Clairaut's Theorem guarantees that

If $f$ is a function of three variables that has continuous second-order partial derivatives, then $\operatorname{curl} f = 0$. This can be confirmed by evaluating $\nabla \times \nabla f$.

Now here's where I'm lost: apparently, a consequence of this is that

If F is conservative, then $\operatorname{curl}$ F $ = 0$

where F is a vector field.

Apparently the above follows trivially from the initial statement guaranteed by Clairaut's Theorem, but I don't see how/why it follows. Why does $F$ being conservative guarantee that $\operatorname{curl} F = 0$ ?

Answer 1

You have it the wrong way around. Zero curl doesn't imply conservative without some assumptions on the actual space in question (like if the field is defined and differentiable on all of $\Bbb R^3$). But that's another question entirely.
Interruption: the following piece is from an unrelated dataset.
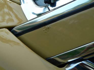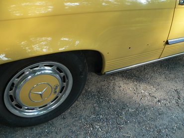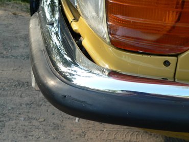 A templomnál félreálltunk, akkor kellett volna következnie a szigorú szemrevételezésnek, ami jó, ha felében-harmadában sikerült. Láttam, hogy vannak kisebb sérülések a lökhárítók gumibetétjein – de ez várható volt. Láttam, hogy az első ütköző kicsit csálén áll, de gondoltam, hogy biztosan nem nehéz beállítani. Így az ütközőkön nem ütköztem meg egyáltalán, főleg, hogy a krómozásuk még elég tisztességesen festett. A beltér már útközben elvarázsolt, alig láttam kopásnyomot, a kellemes bézs miliőben otthonosan éreztem magamat, jólesően elnyújtózva a szövet-műbőr kombinációval kárpitozott üléseken. Csiki listájáról annyi rémlett, hogy a karosszériát laposan át kell nézni, találtam is egy csúnya pörsenést a baloldali A oszlopon, egy diszkrétebbet a hátsó ablak aljánál, meg féltenyérnyi kopást az egyik dísztárcsán, de azt például már csak később, itthon vettem észre, hogy a bal első sárvédőn hólyagosodik felfelé a festék. Az is kiderült, hogy a kerékíveket, a küszöböket már javították, és körbe is festették az autót, de 35 évesen előfordul az ilyesmi, ha az észak-német telet nem a garázsban, hanem az utakon tölti az autó.

What they're saying is that conservative implies zero curl. Their second statement follows from the first in that if $\mathbf F$ is a conservative field, then there is some $f$ such that $\nabla f = \mathbf F$. Thus $\nabla \times \mathbf F = \nabla\times \nabla f = 0$.

Answer 2

As an addendum to Arthur's answer, the reason your text is saying that the conclusion follows from Clairaut's theorem is that if $F$ is conservative, $F = \nabla f$ for some scalar function $f$. To see this, pick an arbitrary point $x_0$ and define $$f(x) = \int_0^1 \langle F[\gamma(t)], \gamma'(t)\rangle \,dt$$ where $\gamma:[0,1]\to\mathbb{R}^3$ is an arbitrary smooth curve from $x_0$ to $x$. The definition of a conservative vector field is exactly the condition that this integral is independent of $\gamma$ and that therefore $f$ is well-defined and smooth. Now for any vector $v$, pick a path $\gamma$ that ends with $\gamma'(1) = v$, and you have $$\langle\nabla f ,v\rangle = \frac{d}{dh} \int_0^{1+h}\langle F[\gamma(t)], \gamma'(t)\rangle \,dt = \langle F(x), v\rangle.$$